* Aim of the exercise *
Repeat exactly the lines of the records below, starting at the line containing "Portrait of Scarlet" and ending at the line containing "Elevate your style". Leave the pictures out.

* Materials provided *

--*--

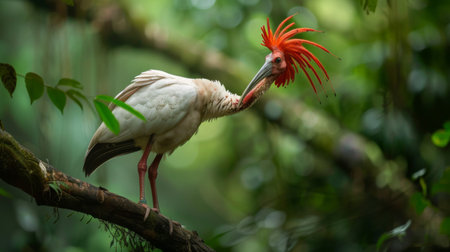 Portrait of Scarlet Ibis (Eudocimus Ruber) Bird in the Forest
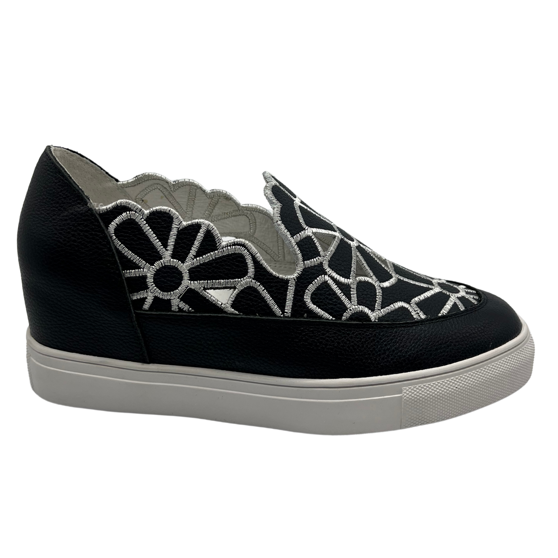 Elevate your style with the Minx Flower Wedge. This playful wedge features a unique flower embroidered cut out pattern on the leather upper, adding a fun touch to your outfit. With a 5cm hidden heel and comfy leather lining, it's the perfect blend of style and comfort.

--*--

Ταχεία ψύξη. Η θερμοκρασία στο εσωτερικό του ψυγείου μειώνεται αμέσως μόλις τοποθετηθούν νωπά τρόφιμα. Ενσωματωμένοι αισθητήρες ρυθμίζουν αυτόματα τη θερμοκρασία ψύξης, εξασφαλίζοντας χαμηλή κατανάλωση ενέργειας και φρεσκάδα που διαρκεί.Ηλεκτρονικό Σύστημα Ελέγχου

--*--

* Answer box *
 Portrait of Scarlet Ibis (Eudocimus Ruber) Bird in the Forest
 Elevate your style with the Minx Flower Wedge. This playful wedge features a unique flower embroidered cut out pattern on the leather upper, adding a fun touch to your outfit. With a 5cm hidden heel and comfy leather lining, it's the perfect blend of style and comfort.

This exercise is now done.